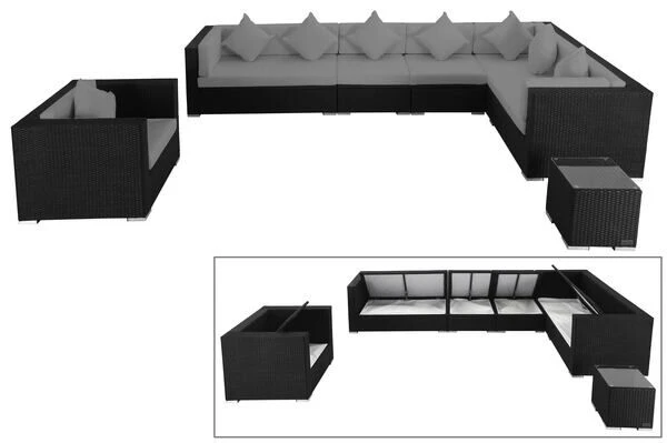 Die Loungegruppe besteht aus einem Sessel, einem 3-Sitzer Sofa, einem 2-Sitzer-Eckelement, zwei Mittelelementen, sowie einem eleganten Beistelltisch und lässt sich variabel anordnen. Der 1-Sitzer ist mit bis zu ca. 150 kg belastbar, beim 2-Sitzer Sofa sind es ca. 300 kg und beim 3-Sitzer sogar ca. 450 kg. Der 1-Sitzer ist mit bis zu ca. 150 kg belastbar, beim 2-Sitzer Sofa sind es ca. 300 kg und beim 3-Sitzer sogar ca. 450 kg. Die Sitzflächen der Möbel lassen sich hochklappen. Der Stauraum darunter ist jeweils mit einer wasserdichten Kissentasche ausgestattet, die mittels Reißverschluss geschlossen wird. Alle Polster lassen sich so sicher und problemlos verstauen.
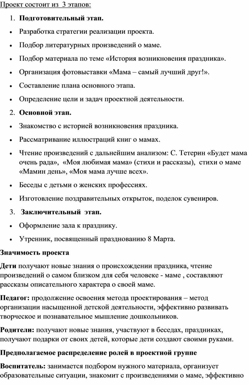 Воспитатель: занимается подбором нужного материала, организует образовательные ситуации, знакомит с произведениями о маме, эффективно развивает творческое и познавательное мышление дошкольников и мелкую моторику рук.
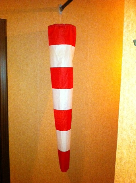 ...это такая слегка конусная полосатая труба(колбасина),в передней широкой части вставлено кольцо для поддержания формы.Закреплено все на оси и мачте.Ветер дует,и по тому как расправлен колдун можно судить о скорости и направлении.
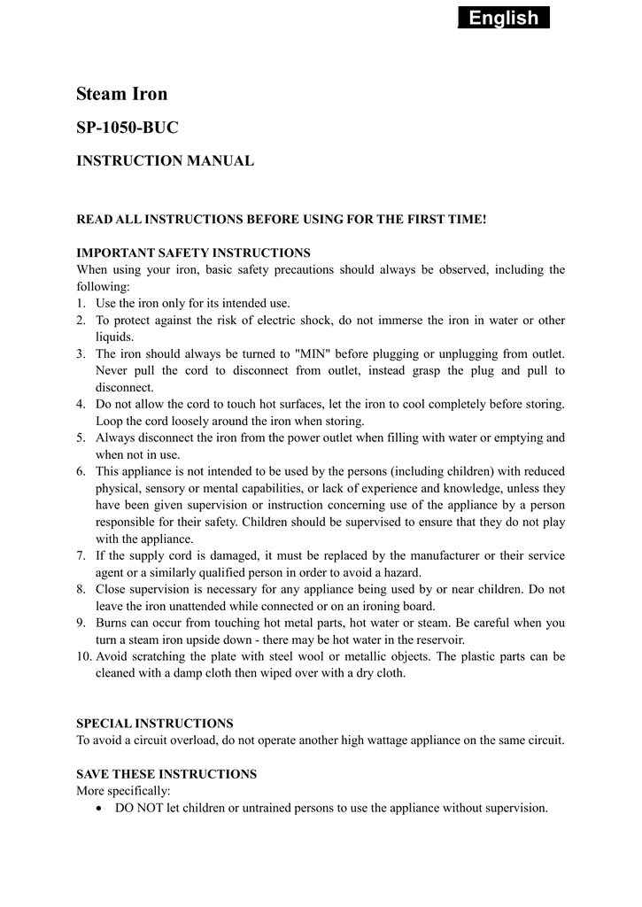 _English_ Steam Iron SP-1050-BUC INSTRUCTION MANUAL READ ALL INSTRUCTIONS BEFORE USING FOR THE FIRST TIME! IMPORTANT SAFETY INSTRUCTIONS When using your iron, basic safety precautions should always be observed, including the following: 1. Use the iron only for its intended use. 2. To protect against the risk of electric shock, do not immerse the iron in water or other liquids. 3. The iron should always be turned to "MIN" before plugging or unplugging from outlet. Never pull the cord to disconnect from outlet, instead grasp the plug and pull to disconnect. 4. Do not allow the cord to touch hot surfaces, let the iron to cool completely before storing. Loop the cord loosely around the iron when storing. 5. Always disconnect the iron from the power outlet when filling with water or emptying and when not in use. 6. This appliance is not intended to be used by the persons (including children) with reduced physical, sensory or mental capabilities, or lack of experience and knowledge, unless they have been given supervision or instruction concerning use of the appliance by a person responsible for their safety. Children should be supervised to ensure that they do not play with the appliance. 7. If the supply cord is damaged, it must be replaced by the manufacturer or their service agent or a similarly qualified person in order to avoid a hazard. 8. Close supervision is necessary for any appliance being used by or near children. Do not leave the iron unattended while connected or on an ironing board. 9. Burns can occur from touching hot metal parts, hot water or steam. Be careful when you turn a steam iron upside down - there may be hot water in the reservoir. 10. Avoid scratching the plate with steel wool or metallic objects. The plastic parts can be cleaned with a damp cloth then wiped over with a dry cloth. SPECIAL INSTRUCTIONS To avoid a circuit overload, do not operate another high wattage appliance on the same circuit. SAVE THESE INSTRUCTIONS More specifically: • DO NOT let children or untrained persons to use the appliance without supervision. _English_ • • • NEVER immerse the iron, cable or plug in any liquid. DO NOT leave the hot iron on fabrics or inflammable surfaces. DO NOT leave the appliance unnecessarily plugged in. Disconnect the plug from the mains when the appliance is not being used. DESCRIPTION OF APPLIANCE A. Spray nozzle B. Water filling inlet C. Steam selector D. Spray button E. Burst of steam button F. Indicator light G. Cord protection H. Power cord I. Water tank J. Thermostat control K. Soleplate Please note: Use tap water only. Do not use chemical additives, scented substances or decalcifiers. Failure to comply with the above mentioned regulations will void the warranty. GENERAL INSTRUCTIONS When using the iron for the first time, you may notice a slight emission of smoke and hear some sounds made by the expanding plastics. This is quite normal and it will stop after a short time. We also recommend passing the iron over an ordinary cloth before using it for the first time. PREPARATIONS Sort the laundry to be ironed according to the international symbols on the garment label. STEAM IRONING 1. Check that the plug is disconnected from the socket when filling the water. 2. Move the steam selector to "0". 3. Open the lid of the water filling inlet. 4. Raise the tip of the iron to help the water enter the opening without overflowing. 5. Slowly pour the water into the reservoir using filler. 6. Do not fill water over the maximum level (about 130ml) indicated by "MAX" on the _English_ reservoir. 7. Close the lid. SELECTING THE TEMPERATURE 1. Put the iron in a vertical position. 2. Put the plug into the socket. 3. Adjust the thermostat knob according to the international symbol on the garment label. The plate temperature control light indicates that the iron is heating up. Wait until the plate temperature control light goes off before ironing. WARNING: During ironing, the plate temperature control light comes on at intervals, indicating that the selected temperature is maintained. Move the steam selector to a position between minimum and maximum depending on the quantity of steam required and the temperature selected. WARNING: The iron gives off steam continuously only if you hold the iron horizontally. You can stop the continuous steam by placing the iron in a vertical position or by moving the steam selector to "0". You can only use steam at the highest temperatures. If the selected temperature is too low, water may drip onto the plate. Press the burst of steam button to steam ironing vertically. Press the burst of steam button to generate a powerful burst of steam that can penetrate the fabrics and smooth the most difficult and tough creases. Wait for a few seconds before pressing again. By pressing the shot-steam button at intervals you can also iron vertically (curtains, hung garments, etc.). WARNING: The burst of steam function can only be used at high temperatures. Stop the emission when the plate temperature control light comes on, then start ironing again only after the light has gone off. DRY IRONING To iron without steam, follow the instructions in section "steam ironing", leaving the steam selector on position "0". SPRAY FUNCTION Make sure that there is water in the reservoir. Press the spray button slowly (for a dense spray) or quickly (for a vaporized spray). WARNING: For delicate fabrics, we recommend moistening the fabric before using the spray function, or putting a damp cloth between the iron and the fabric. To avoid staining, do not use the spray on silk or synthetic fabrics. CLEANING AND MAINTENANCE Please note: Before cleaning the iron in any way, make sure that the appliance plug is not connected to the socket. Any deposits, starch residue or size left on the plate can be removed using a damp cloth. _Polski_ Żelazko elektryczne SP-1050-BUC INSTRUKCJA PRZECZYTAJ UWAŻNIE WSZYSTKIE INSTRUKCJE PRZED UŻYCIEM PO RAZ PIERWSZY! WAŻNE ZASADY BEZPIECZEŃS
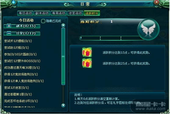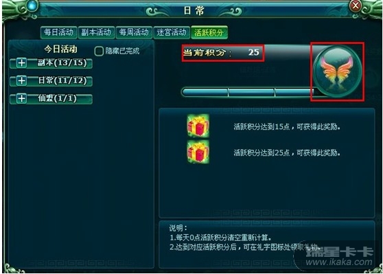 今日活动内容会随着玩家等级的提升而慢慢增多,此时玩家所能获得的总积分也会随着增多。当玩家达到一定的积分后,右边翅膀图标也会随着改变,更加多姿多彩。更高的积分还能获得更高级的积分礼包奖励哦。
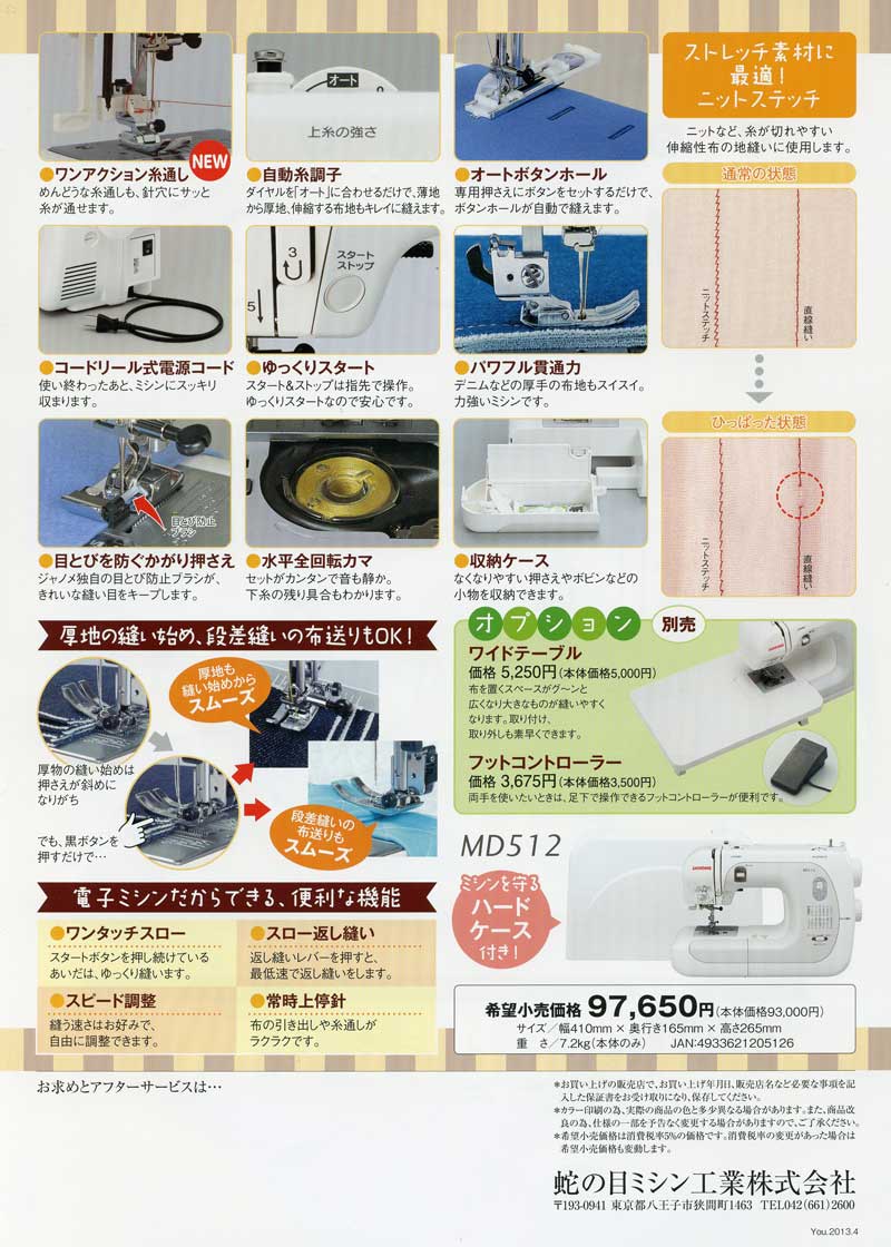 | カタログ | ○ | 特徴 | 現在販売中の人気ミシン。 |
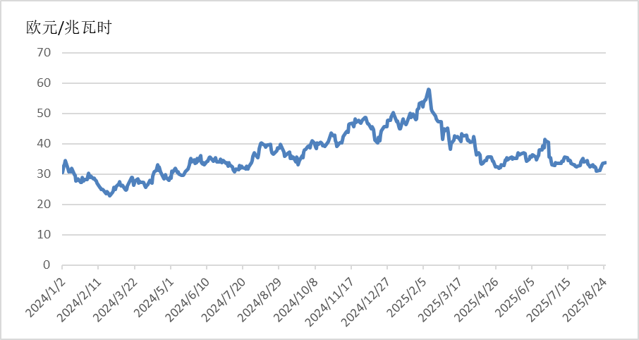 截至8月25日,TTF天然氣期貨主力合約收于33.774歐元/兆瓦時(shí),月環(huán)比上漲3.92%,相較2024年同期的37.655歐元/兆瓦時(shí),下降10.31%。
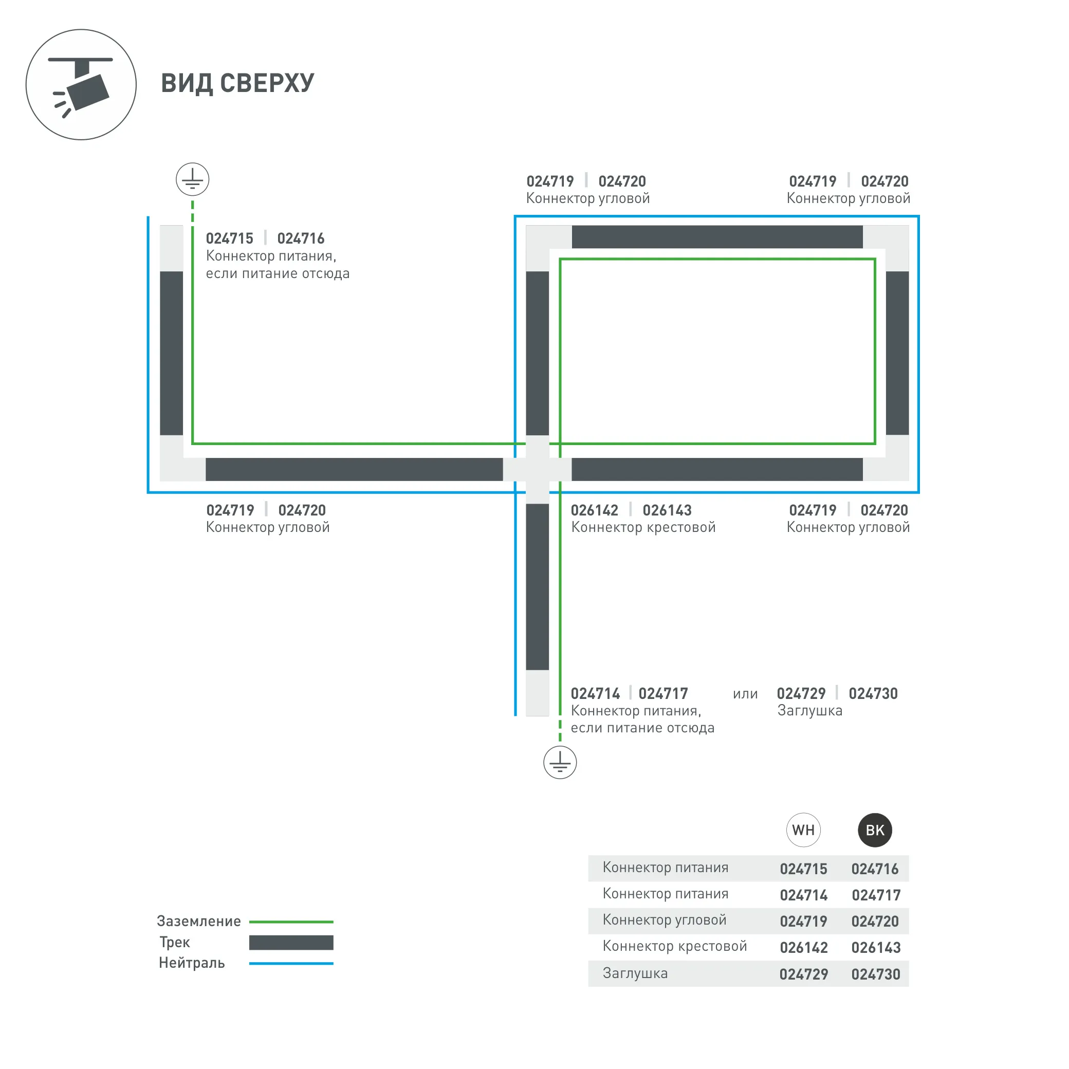 Угловой коннектор 90 градусов, питание по внутренней стороне. Цвет черный. 99х99х33 мм с контактами, 66х66х33 мм без контактов. При использовании с треками и аксессуарами другой серии возможно отличие по цвету.
_ _ _ _
-- Instructions to follow --
If a record contains a picture, leave the picture out and return everything else exactly.

-- Exercise response --
 Die Loungegruppe besteht aus einem Sessel, einem 3-Sitzer Sofa, einem 2-Sitzer-Eckelement, zwei Mittelelementen, sowie einem eleganten Beistelltisch und lässt sich variabel anordnen. Der 1-Sitzer ist mit bis zu ca. 150 kg belastbar, beim 2-Sitzer Sofa sind es ca. 300 kg und beim 3-Sitzer sogar ca. 450 kg. Der 1-Sitzer ist mit bis zu ca. 150 kg belastbar, beim 2-Sitzer Sofa sind es ca. 300 kg und beim 3-Sitzer sogar ca. 450 kg. Die Sitzflächen der Möbel lassen sich hochklappen. Der Stauraum darunter ist jeweils mit einer wasserdichten Kissentasche ausgestattet, die mittels Reißverschluss geschlossen wird. Alle Polster lassen sich so sicher und problemlos verstauen.
 Воспитатель: занимается подбором нужного материала, организует образовательные ситуации, знакомит с произведениями о маме, эффективно развивает творческое и познавательное мышление дошкольников и мелкую моторику рук.
 ...это такая слегка конусная полосатая труба(колбасина),в передней широкой части вставлено кольцо для поддержания формы.Закреплено все на оси и мачте.Ветер дует,и по тому как расправлен колдун можно судить о скорости и направлении.
 _English_ Steam Iron SP-1050-BUC INSTRUCTION MANUAL READ ALL INSTRUCTIONS BEFORE USING FOR THE FIRST TIME! IMPORTANT SAFETY INSTRUCTIONS When using your iron, basic safety precautions should always be observed, including the following: 1. Use the iron only for its intended use. 2. To protect against the risk of electric shock, do not immerse the iron in water or other liquids. 3. The iron should always be turned to "MIN" before plugging or unplugging from outlet. Never pull the cord to disconnect from outlet, instead grasp the plug and pull to disconnect. 4. Do not allow the cord to touch hot surfaces, let the iron to cool completely before storing. Loop the cord loosely around the iron when storing. 5. Always disconnect the iron from the power outlet when filling with water or emptying and when not in use. 6. This appliance is not intended to be used by the persons (including children) with reduced physical, sensory or mental capabilities, or lack of experience and knowledge, unless they have been given supervision or instruction concerning use of the appliance by a person responsible for their safety. Children should be supervised to ensure that they do not play with the appliance. 7. If the supply cord is damaged, it must be replaced by the manufacturer or their service agent or a similarly qualified person in order to avoid a hazard. 8. Close supervision is necessary for any appliance being used by or near children. Do not leave the iron unattended while connected or on an ironing board. 9. Burns can occur from touching hot metal parts, hot water or steam. Be careful when you turn a steam iron upside down - there may be hot water in the reservoir. 10. Avoid scratching the plate with steel wool or metallic objects. The plastic parts can be cleaned with a damp cloth then wiped over with a dry cloth. SPECIAL INSTRUCTIONS To avoid a circuit overload, do not operate another high wattage appliance on the same circuit. SAVE THESE INSTRUCTIONS More specifically: • DO NOT let children or untrained persons to use the appliance without supervision. _English_ • • • NEVER immerse the iron, cable or plug in any liquid. DO NOT leave the hot iron on fabrics or inflammable surfaces. DO NOT leave the appliance unnecessarily plugged in. Disconnect the plug from the mains when the appliance is not being used. DESCRIPTION OF APPLIANCE A. Spray nozzle B. Water filling inlet C. Steam selector D. Spray button E. Burst of steam button F. Indicator light G. Cord protection H. Power cord I. Water tank J. Thermostat control K. Soleplate Please note: Use tap water only. Do not use chemical additives, scented substances or decalcifiers. Failure to comply with the above mentioned regulations will void the warranty. GENERAL INSTRUCTIONS When using the iron for the first time, you may notice a slight emission of smoke and hear some sounds made by the expanding plastics. This is quite normal and it will stop after a short time. We also recommend passing the iron over an ordinary cloth before using it for the first time. PREPARATIONS Sort the laundry to be ironed according to the international symbols on the garment label. STEAM IRONING 1. Check that the plug is disconnected from the socket when filling the water. 2. Move the steam selector to "0". 3. Open the lid of the water filling inlet. 4. Raise the tip of the iron to help the water enter the opening without overflowing. 5. Slowly pour the water into the reservoir using filler. 6. Do not fill water over the maximum level (about 130ml) indicated by "MAX" on the _English_ reservoir. 7. Close the lid. SELECTING THE TEMPERATURE 1. Put the iron in a vertical position. 2. Put the plug into the socket. 3. Adjust the thermostat knob according to the international symbol on the garment label. The plate temperature control light indicates that the iron is heating up. Wait until the plate temperature control light goes off before ironing. WARNING: During ironing, the plate temperature control light comes on at intervals, indicating that the selected temperature is maintained. Move the steam selector to a position between minimum and maximum depending on the quantity of steam required and the temperature selected. WARNING: The iron gives off steam continuously only if you hold the iron horizontally. You can stop the continuous steam by placing the iron in a vertical position or by moving the steam selector to "0". You can only use steam at the highest temperatures. If the selected temperature is too low, water may drip onto the plate. Press the burst of steam button to steam ironing vertically. Press the burst of steam button to generate a powerful burst of steam that can penetrate the fabrics and smooth the most difficult and tough creases. Wait for a few seconds before pressing again. By pressing the shot-steam button at intervals you can also iron vertically (curtains, hung garments, etc.). WARNING: The burst of steam function can only be used at high temperatures. Stop the emission when the plate temperature control light comes on, then start ironing again only after the light has gone off. DRY IRONING To iron without steam, follow the instructions in section "steam ironing", leaving the steam selector on position "0". SPRAY FUNCTION Make sure that there is water in the reservoir. Press the spray button slowly (for a dense spray) or quickly (for a vaporized spray). WARNING: For delicate fabrics, we recommend moistening the fabric before using the spray function, or putting a damp cloth between the iron and the fabric. To avoid staining, do not use the spray on silk or synthetic fabrics. CLEANING AND MAINTENANCE Please note: Before cleaning the iron in any way, make sure that the appliance plug is not connected to the socket. Any deposits, starch residue or size left on the plate can be removed using a damp cloth. _Polski_ Żelazko elektryczne SP-1050-BUC INSTRUKCJA PRZECZYTAJ UWAŻNIE WSZYSTKIE INSTRUKCJE PRZED UŻYCIEM PO RAZ PIERWSZY! WAŻNE ZASADY BEZPIECZEŃS
 今日活动内容会随着玩家等级的提升而慢慢增多,此时玩家所能获得的总积分也会随着增多。当玩家达到一定的积分后,右边翅膀图标也会随着改变,更加多姿多彩。更高的积分还能获得更高级的积分礼包奖励哦。
 | カタログ | ○ | 特徴 | 現在販売中の人気ミシン。 |
 截至8月25日,TTF天然氣期貨主力合約收于33.774歐元/兆瓦時(shí),月環(huán)比上漲3.92%,相較2024年同期的37.655歐元/兆瓦時(shí),下降10.31%。
 Угловой коннектор 90 градусов, питание по внутренней стороне. Цвет черный. 99х99х33 мм с контактами, 66х66х33 мм без контактов. При использовании с треками и аксессуарами другой серии возможно отличие по цвету.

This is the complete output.